Su una politica demografica di sinistra

La questione demografica è sempre stata vista con sospetto dalla sinistra italiano. Quando si parla dell’argomento infatti si rischia di precipitare in categorie di pensiero stantie oppure si viene accusati di oscurantismo e di svilimento della donna. Trovare l’equilibrio corretto per parlarne è di conseguenze impresa ardua. Ma c’è l’assoluta necessità di conciliare la nuova e potente consapevolezza del ruolo femminile e il bisogno di fare figli per garantirci un futuro avendo ben chiaro in testa che l’immigrazione che affronta ora l’Italia non è una soluzione. Essa è infatti tutta a vantaggio di pochi padroni che lucrano soffiando sul fuoco della guerra tra poveri.

A metà maggio si sono tenuti gli Stati generali della natalità a Roma dove sia papa Francesco sia Mario Draghi hanno affrontato il problema del calo drastico delle nascite. Tale questione in Italia è molto pressante perché il Paese sta attraversando una fase di inverno demografico molto acuta. Risollevare questi dati è un imperativo. L’importanza di questa tematica dovrebbe essere chiara ad ogni partito. Tuttavia non sembra che gli Stati generali abbiano aumentato l’attenzione su un argomento così fondamentale. La sinistra, quella vera, deve fare uno sforzo per comprendere il tema della ripresa demografica nel suo programma politico. Questo fatto sarebbe una novità dal momento che il fascismo aveva monopolizzato l’ambito della natalità durante il ventennio e da allora la sinistra non si è interessata all’argomento. Grave errore da non ripetere. Perché il problema si aggrava se si analizza più in profondità. La questione si articola infatti su due piani: economico e culturale.

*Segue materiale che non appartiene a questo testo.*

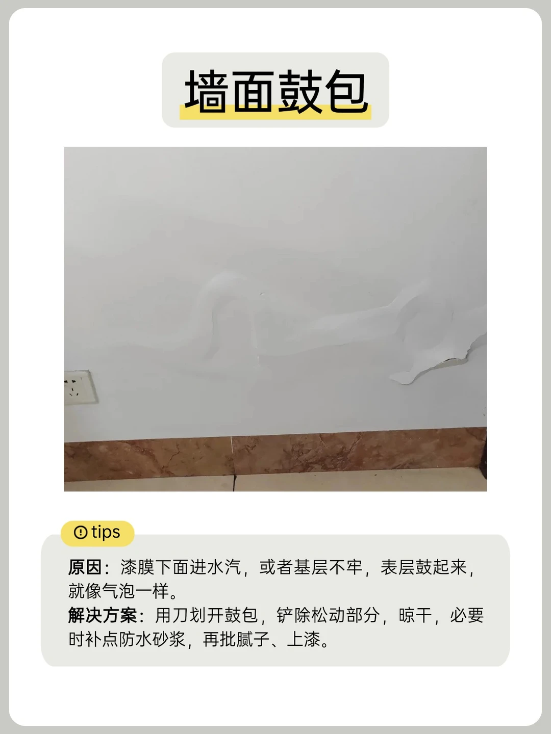 ⭐️解决方案:用刀划开鼓包,铲除松动部分,晾干,必要时补点防水砂浆,再批腻子、上漆。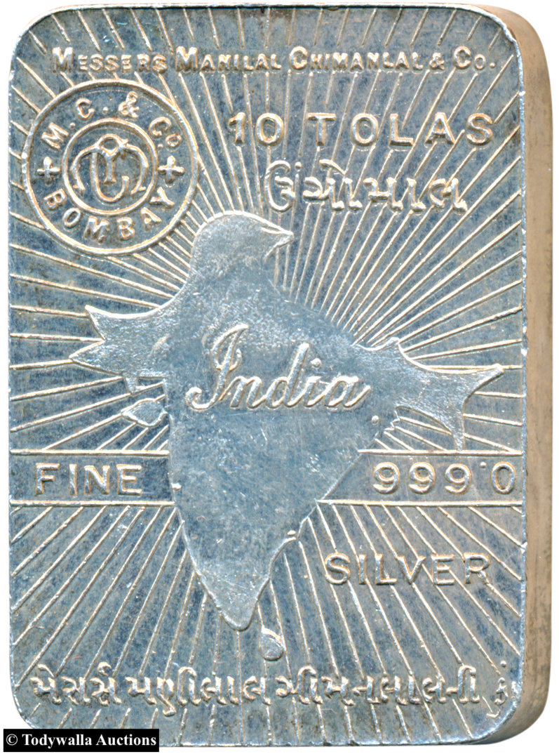 Here's a note from The United States National Museum: The Annual Report for the Year Ended June 30, 1963 showing the donation of a 5 Tola Manilal Chimanlal Silver piece made to the national collections.
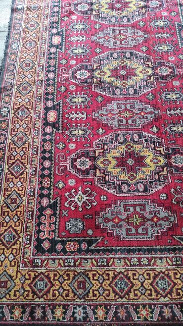 - Rəng palitrası: tünd qırmızı fon, sarı-qızılı, boz, qara və krem tonlarında kontrast naxışlar.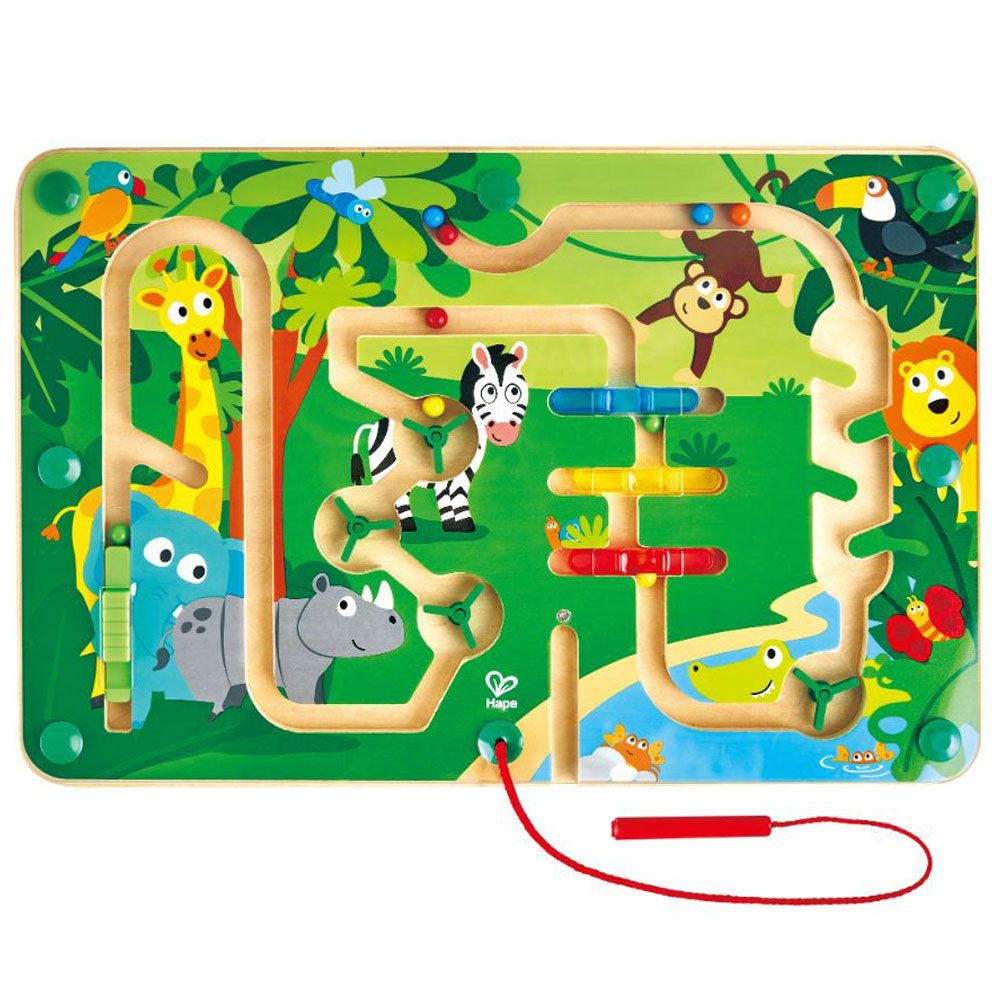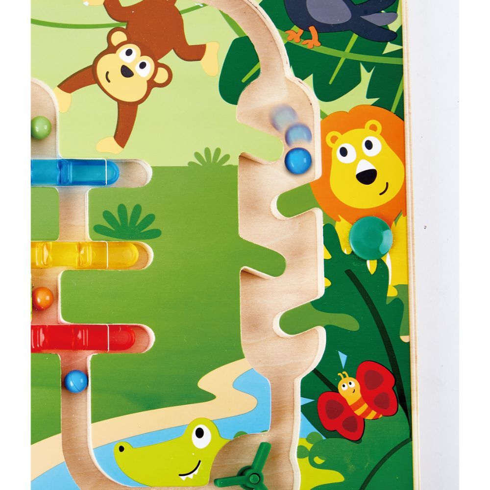 - WOODEN MAGNETIC JUNGLE MAZE: Play in the jungle and learn about its wild animals. Teach your toddler how to tilt the board or use the wand to guide the magnetic balls through the maze pathways, corners and revolving doors

Dal punto di vista economico le misure da prendere sono diverse e si potrebbe prendere spunto da altri Paesi dove la natalità non è un problema. Garantire asili, sia nidi sia normali, pubblici e gratuiti è un primo passo utile. Oltre a questo, è necessario un accesso più comodo ai mutui o ai prestiti per le coppie con figli che vogliono comprare una casa. Una misura che è stata presa in Ungheria ed è facilmente replicabile è la riduzione dei costi dell’energia per le famiglie. Un altro punto fondamentale sono le misure per i neo papà e le neo mamme sul posto di lavoro: congedi parentali, bonus e permessi. Iniziative che devono essere estese ai padri tenendo conto della società in cui viviamo. L’assegno famigliare nostrano è una buona mossa ma da sola non basta così come è possibile che non siano abbastanza tutte le manovre sopra elencate.

La questione demografica si risolve anche sul piano culturale. E qui viene il difficile. Il modello che si può definire “cattolico” è oramai superato. Di conseguenza riproporre, come sta facendo l’Ungheria, l’immagine della famiglia tradizionale rischia di essere inefficace nonostante questo istituto sia ancora forte in Italia. Quindi da un lato si deve provare a ricostruire l’immagine della famiglia classica. Ma occorre, nel contempo, cambiare paradigma. Fecondazione assistita e adozioni devono essere resi più sostenibili e accessibili a tutti. Famiglie con genitori dello stesso sesso devono poter adottare facilmente ed avere figli. Le madri single devono essere sostenute economicamente. I padri devono essere messi in condizione di partecipare attivamente alla cura dei figli quindi devono avere congedi e permessi. E dove non possono arrivare, per necessità, i genitori, devono esserci aiuti statali: asili, babysitter, agevolazioni varie. Essere madre o padre deve diventare un modo in cui si dispiegano le potenzialità degli esseri umani.